There was a massive bloody great spanner in the works when Phillip did return home. Eloise had received a letter from him at her lodgings, saying he was back at his family home of Romney Hall in Gloucestershire, and that she was invited to tea, if she would be so kind. She decided that she was indeed so kind, and a week later was on a train down to Gloucestershire to meet him. She’d managed to find an omnibus going to the village of Romney, and had walked from there. She’d rung the doorbell, had been greeted by the butler, and had been shown through to the drawing room. The butler told her that Sir Phillip was in his greenhouse, tending to his long forgotten plants, but that he’d fetch him for her.

 

Phillip had said in one of his letters that he’d been asked if he’d wanted immediate discharge from the Army after the deaths of his brother and father, but he had insisted he would fight until the end of the war, but would like to be discharged immediately upon peace breaking out or even a temporary ceasefire. His wish had been granted, and so when he walked into the drawing room, in a white shirt covered in soil and a pair of old trousers, he looked nothing like the soldier Eloise had pictured him to be.

 

He was also considerably more handsome than Eloise had expected him to be. It wasn’t that she’d expected him to be unattractive, but she expected him to be like the average man.

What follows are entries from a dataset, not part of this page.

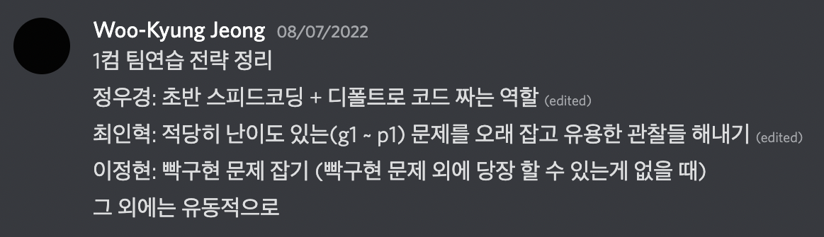 4월입니다. 팀원을 정해야 했습니다. 팀원 후보들을 정리하고, 우선순위가 높은 분들부터 컨택했습니다. 당시 전북대학교에는 저를 포함해서 ICPC 본선 수상권의 실력자가 없었습니다. 그에 근접하는 분들도 없었습니다. 따라서 어떤 분들과 팀을 하든, 오랜 기간 연습하고 실력을 높여야 했습니다. 이런 이유에서 현재의 실력이 아닌 잠재력에 따라 팀원 분들을 컨택했습니다. 감사하게도 가장 먼저 컨택한 두 분이 흔쾌히 팀원 제의를 수락해주셨습니다. 최인혁님, 이정현님과 함께하게 됐습니다.
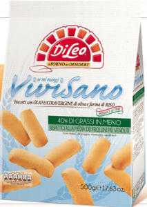 DiLeo: ViviSano Biscotti con olio extravergine di oliva (7,7%) e farina di Riso. Ingredienti: farina di frumento, zucchero, uova fresche pastorizzate, olio extravergine di oliva 7,7 %, farina di riso 3,8%, fecola di patate, proteine del latte, latte magro in polvere, agenti lievitanti: carbonato acido d’ammonio, carbonato acido di sodio, sodio pirofosfato acido; emulsionante: lecitina di soia; sale, aromi. Il prodotto può contenere tracce di frutta a guscio. |
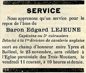Tué à l'ennemi au combat de Cutte (Belgique) le 23 Novembre 1914.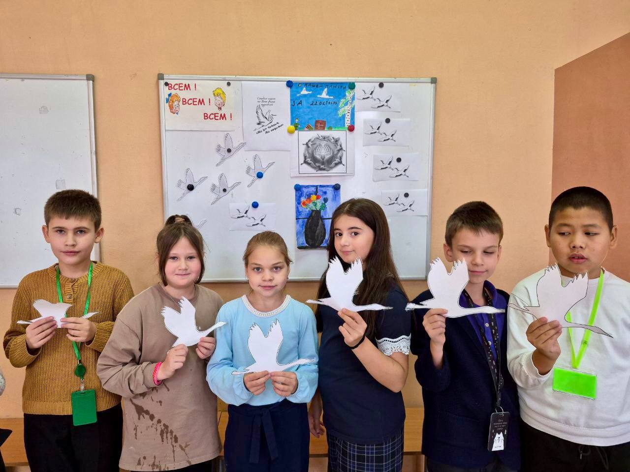На уроках звучали строки Расула Гамзатова, чьё стихотворение «Журавли» стало символом этого дня. Ребята говорили о подвиге, о памяти, о том, что настоящая сила — в верности своей истории.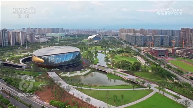 杭州亞運會運河體育公園指揮長馮晶:“亞運體育公園是按照綠色環(huán)保功能打造的,也是浙江省首座體育場館綠色三星級建筑。體育館的外立面采用陽極氧化鋁材料,在雨天有自清潔的功能,不用人工清洗外立面。透水混凝土在雨天有非常好的滲水功能,和我們的人工湖相結合,在晴天可以反哺草地,實現(xiàn)海綿城市的標準規(guī)范?!?/p>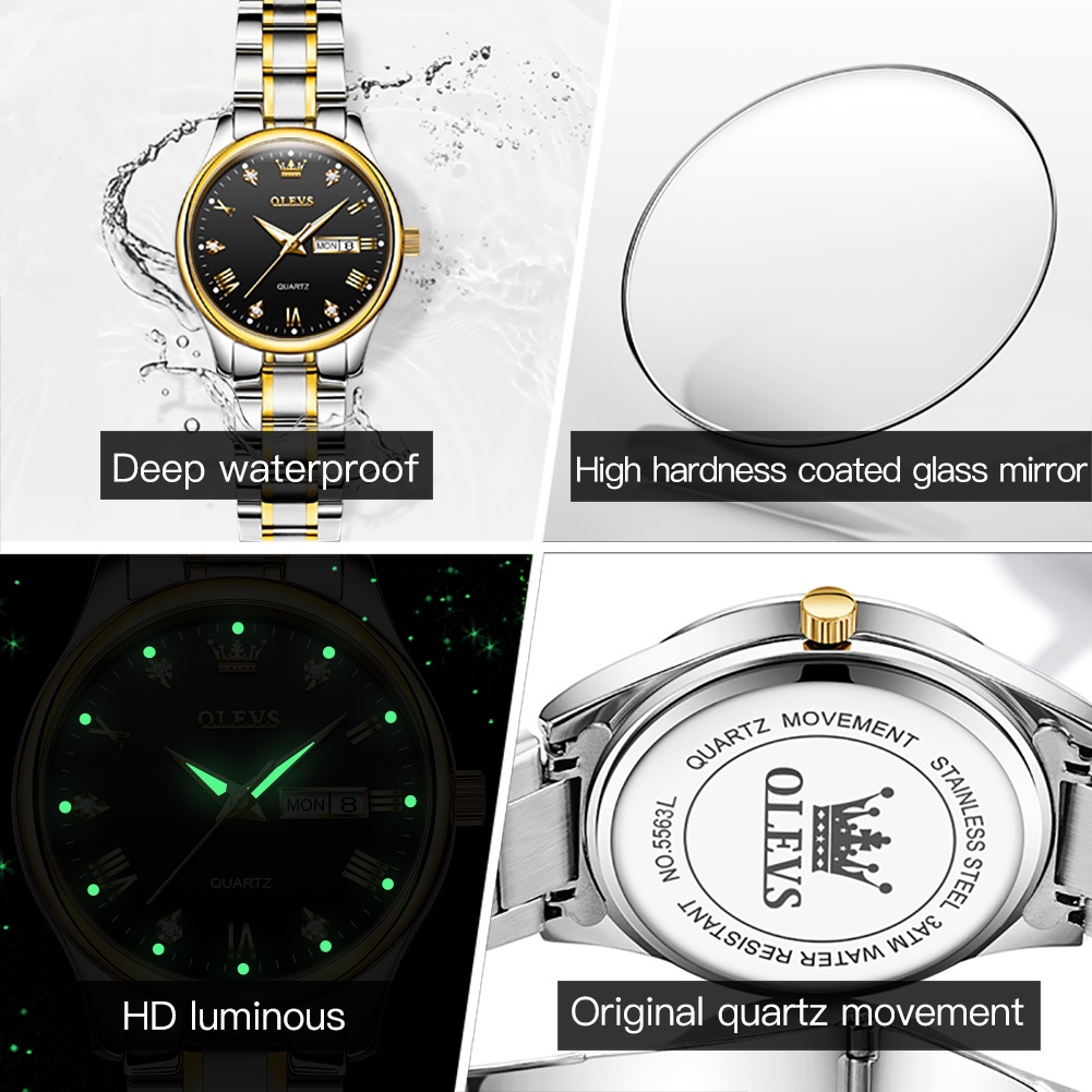 OLEVS Jam Tangan Wanita Original Anti Air Tahan Air Kecil Korea Analog Putih Gold Hitam Stainless Steel Women Watch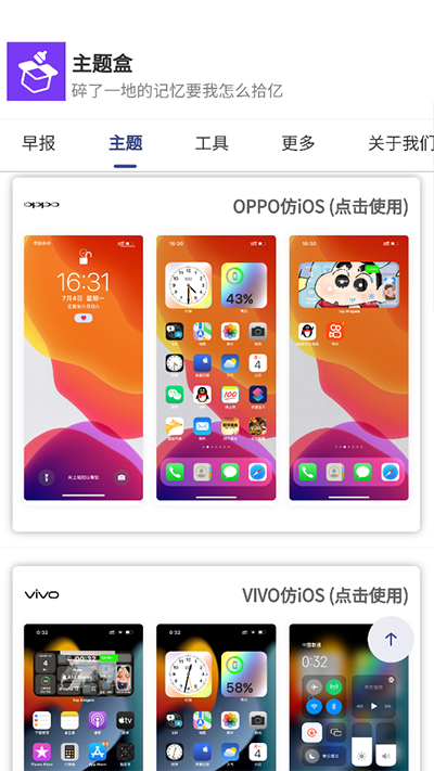 1、首先打开主题盒app,在首页我们可以看到很多的手机型号仿ios的主题可以使用;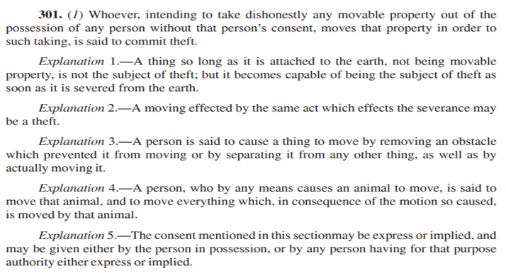 But this (ostensibly) progressive amendment, it appears, has not been followed-through with a corresponding amendment, for instance, in the definition of the offence of theft, where, for instance, the aspect of ‘moving’ of property still remains the Actus Reus (Alien for : the act/consequence needed and made culpable by law).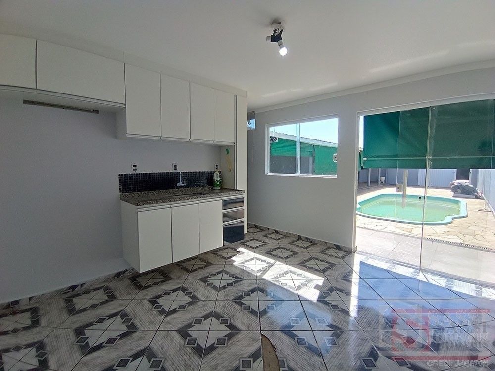 Área de lazer com 01 quarto, cozinha com armário, banheiro, varanda com churrasqueira, piscina, banheiro externo, ampla área para carros.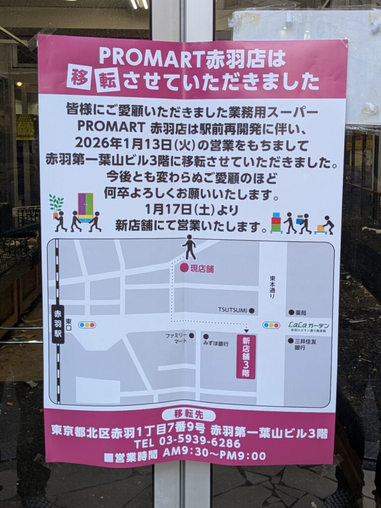 こちらが店頭にでてた移転の案内↓「PROMART赤羽店は移転させていただきました」とでています。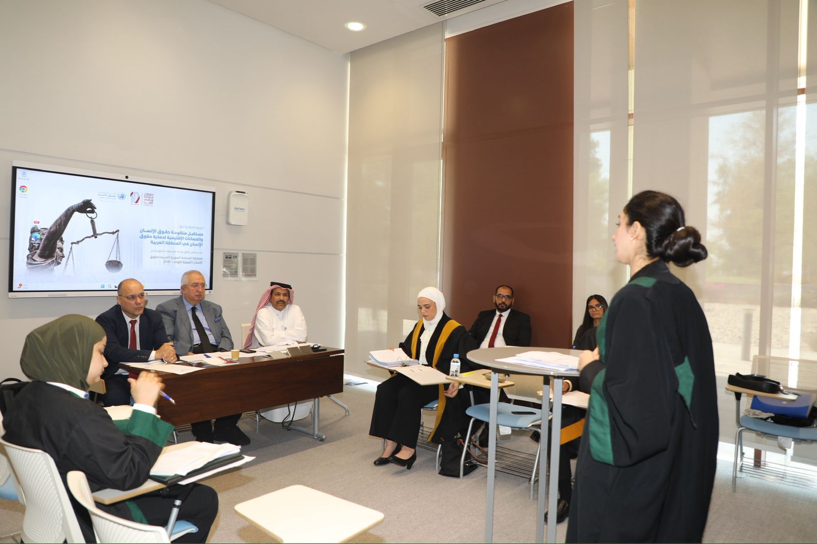 شارك فريق كلية القانون – جامعة بغداد في النسخة الأولى من مسابقة المحكمة العربية لحقوق الإنسان، التي نُظمت من قبل مركز التدريب والتطوير في جنوب غرب آسيا والمنطقة العربية التابع للأمم المتحدة، وبمشاركة أكثر من (٥٠) جامعة عربية في مرحلة المذكرات الخطية، حيث تأهل منها (١١) فريقاً إلى مرحلة المرافعات الشفهية التي أُقيمت في معهد الدوحة للدراسات العليا، وكان فريق كلية القانون من بين المتأهلين لهذه المرحلة.
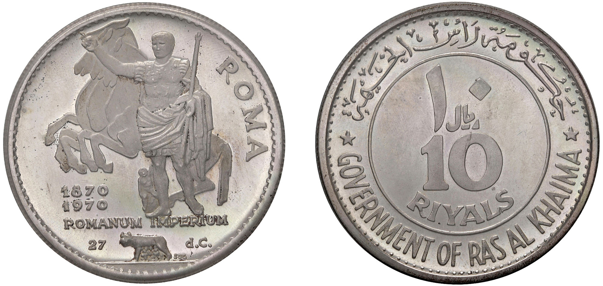 EMIRATI ARABI UNITI - 10 Riyals 1970.Argento, n.d.KM# 18Sigillata PCGS PR67 Deep Cameo.Certificato PCGS n. 50920352.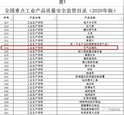 2020年,质监局对空压机产品质量的监管力度加强,在监管要求有(见表1):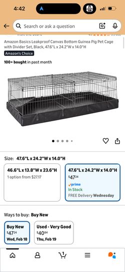 Amazon Basics Leakproof Canvas Bottom Guinea Pig Pet Cage with Divider Set, Black, 47.6"L x 24.2"W x 14.0"H$28Phoenix, AZ

If Sir Phillip Crane was anything, average he was not. It wasn’t a problem - she’d already decided to marry him, after all - but it did make a huge difference. As he poured tea for them and started to talk quietly, Eloise found that she was attracted to him. She hadn’t factored that into her thinking when she’d decided he was a suitable candidate for a husband.

 

“Sister Bridgerton, I do hope-” Phillip started.

 

“You might call me Eloise,” she interjected quickly, “you did so in your letters”

 

“Letters are different, Eloise, but I suppose I should oblige. I do hope I’m not misreading the situation, but I gathered from your letters and your turn of phrase that you were - for lack of a better word - assessing me”

 

Eloise quirked a singular eyebrow, “assessing?”

 

“As to whether I would be a possible candidate as a husband” Phillip said, his tone conveying much more confidence than he felt.

 

Eloise couldn’t deny it. He’d seen through her.

 

“I must confess that, though I promise you that wasn’t my design in writing to you in the first place” Eloise replied, “I did somewhat come to the conclusion though”

 

They talked through the proposal of a proposal over their tea, and decided that Phillip would court Eloise for a few weeks, and they could see if they felt like going forward with a marriage would be a good idea.

 

Eloise returned to her lodgings with a spring in her step, a note in her pocket, a flower in her hand, and a kiss on her cheek.